Yoga for period cramps

Yoga for period cramps

Everything has its own positive and negative implications, even periods. One of the most excruciating occurrences a girl comes across is menstrual cramps. Menstruation is a monthly affair and so are the cramps caused by it. Cramps are the result of uterine contractions and these are not only restricted to the pelvic region but also involves the thighs and lower back along with a tendency of vomiting, dizziness, fatigue and many more symptoms that vary from person to person.
Practicing yoga does not only cure period cramps but it is also beneficial for many disorders. Coming to period cramps, yoga practice assists in reducing the pain very persuasively. There are many yoga postures to cure period cramps but some of the postures may not be possible for every woman to practice. This is because people who practice yoga are quite flexible for performing all the yoga postures but not all women are flexible enough to practice each and every yoga posture during period cramps. Having said that, it is also true that at times some yoga postures are really very crucial to practice. And the most important point is that, a woman should proceed with only the types of yoga she is comfortable doing, because practicing wrong yoga postures can lead to supplementary cramps with side-effects.

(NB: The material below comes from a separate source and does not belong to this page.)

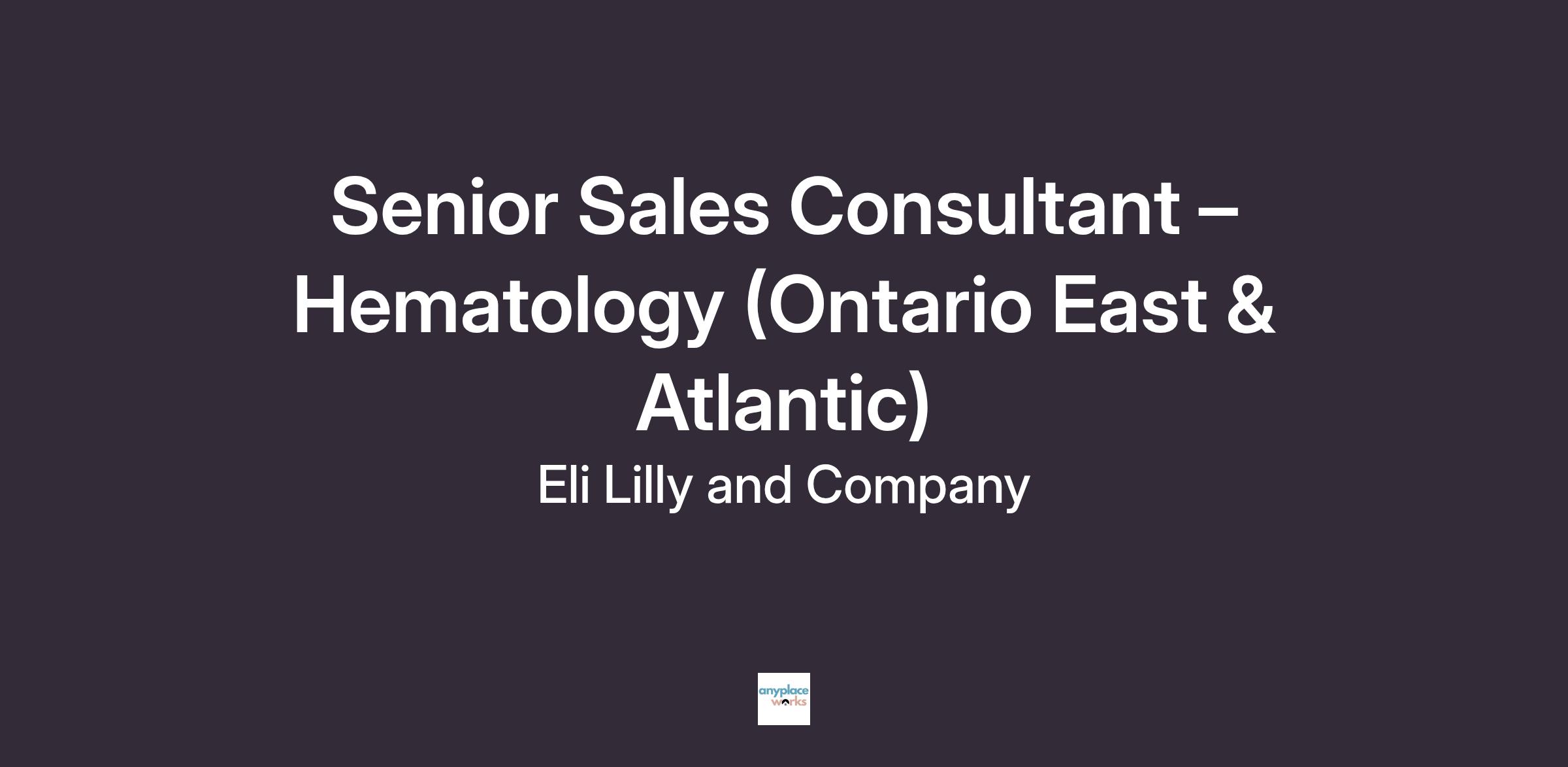Senior Sales Consultant – Hematology (Ontario East & Atlantic)

Here are some yoga postures for preventing period cramps:

  1. Arching pigeon – Arching Pigeon or pigeon pose is one of the mostly recommended forms of yoga during period cramps. This pose opens up the hip which reduces the pain to quite a certain extent. Here’s what you can do to get into the pigeon like pose – Bending the right knee and extending the left leg behind while sitting on the floor, placing hands on the hip and curving the back. In case a person is not comfortable with this particular pose then the substitute is practicing the same pose with arms in the air. After holding the pose for about five minutes, practicing the same pose in the alternate direction. This posture is really beneficial for all the women who face severe cramps during periods.
  1. One-armed Camel – This intimidating sounding yoga asan is a powerful pose to combat the period pain. For relief from major cramps, practice this aasan by –Standing on the shinbone so that the hips are appropriately positioned beneath the hips. Extending the left hand in the air while placing the right hand on the right heel. Stretching the belly and chest by shifting the weight ahead on to the knees. Holding this pose for five breaths while lowering the head behind. Then repeat the same in the opposite direction.
  1. Wild- Child’s Pose – This posture does not only sound catchy to the ear but it is also very relaxing to the cramps in the lower back. This pose is really simple and comfortable to practice as it only requires – Placing knees on the floor forward and then extending the arms forthright and then resting the head on the floor or turning the head in any of the directions. Then holding the pose for about five breaths and trying the same in the alternate direction.
  1. Reclining Twist – This position works positively for the lower back as well as the lower belly. Here’s how we suggest reclining with a twist! – Crossing the left knee over the right knee while lying on the floor. Then extending the arms wide open glaring the left side. Finally, holding the pose for five breaths and one can feel positive changes. Most importantly, avoid taking the support of hands rather use abs to lift the knees on any side.

Yoga, as we all know provides numerous health benefits to everyone of any age. Practicing yoga on a daily basis is thoroughly beneficial for the mind, body and soul & definitely during menstruation. Practicing the above poses, will greatly ease menstrual cramps. Happy Period to You!